Ask HN: Do you buy things from online ads? - tomrod
I have never, in my recollection, been persuaded to investigate an item or service for sale by an online, ad at Google, Facebook, or on a blog. Have you? If not, how in the world is this a profitable ecosystem?
======
yorwba
I read a bunch of webcomics, and some of them I discovered through the ads
they bought on the sites of other webcomics. Then I ended up contributing to
Kickstarters and Patreons, which hopefully offset the cost of the ad.

However, creators buying ads on each other's websites to attract visitors who
will then spend more time seeing ads ... seems kind of circular. It might be
that part of the ad ecosystem in that space is fueled by hopeful artists who
make a loss trying to promote their work.
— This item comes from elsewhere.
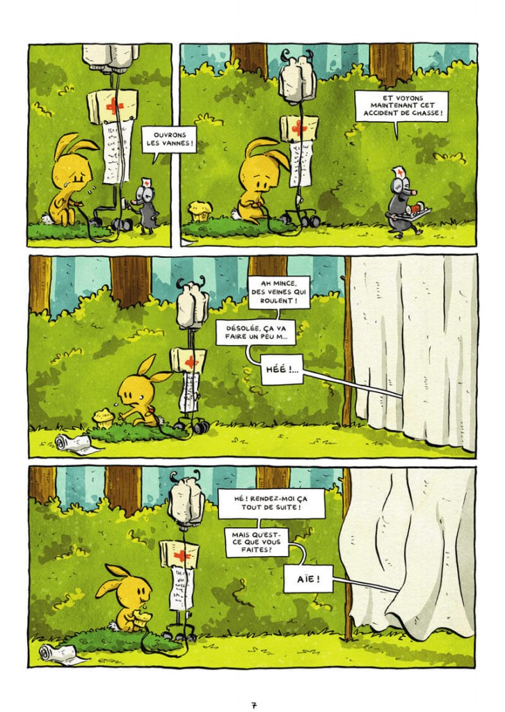 Dans une forêt où tout semble paisible, des animaux attendent leur tour pour se faire soigner par le médecin. Il y a des bobos sans grande importance, ainsi que des maladies plus graves. Lapin, n’est pas très rassuré quand il voit le soignant dérouler la longue liste de médicaments qu’il va devoir ingurgiter. Loup quant à lui, ne trouve pas très plaisant la manière dont l’infirmier veut procéder à sa prise de sang. Le canidé furibard éjecte le soigneur et croise le regard du rongeur perfusé. Tout tremblant face aux crocs effrayants, Lapin imagine que sa dernière heure vient de sonner. Ils sont dérangés par un ramdam tonitruant et voient défiler dans tous les sens les habitants du bois. Giboyés par des chasseurs, il est temps pour nos patients de prendre la fuite. Le canis lupus qui a bon fond manifestement ne peut abandonner le rongeur affublé de son goutte à goutte. N’écoutant que sa raison, il emporte sous son bras le léporidé et lui propose de rester à ses côtés tant que durera sa thérapie. Il ne s’attendait pas à ce que cela soit si long. Le moribond en a pour cinq mois. Quand on donne sa parole, on ne la reprend pas, les voilà donc dans le même bateau, je dirais même mieux, sur la même moto. Commence un road trip infernal qui mènera nos deux lascars sur la route et vers une franche amitié.

As far as physical goods are concerned, I don't really buy anything except to
replace something else, and then I just go to whichever place is most
convenient and buy what they have, so there isn't much room for ads to
influence me.

------
Freak_NL
You don't have to buy stuff directly, or even interact with the ad, you just
need to see it; be influenced by it. You'll buy stuff later. When you see an
ad for a package holiday you don't have to click it for the ad to be effective
(although some people do click them), you may just as well decide to visit the
operator's website the next day to browse their options. If their ad didn't
bother you, chances are it was a good investment (probably).

People who do get bothered by ads and their continuous manipulation use an ad
blocker of course.

------
adotjdotr
Everyone is influenced by ads

3 white stripes? Adidas Swoosh? Nike Golden Arches? McDonalds

Everyone clicks, buys and is influenced by ads. Dont be arrogant and
mindlessly believe "it doesnt impact me"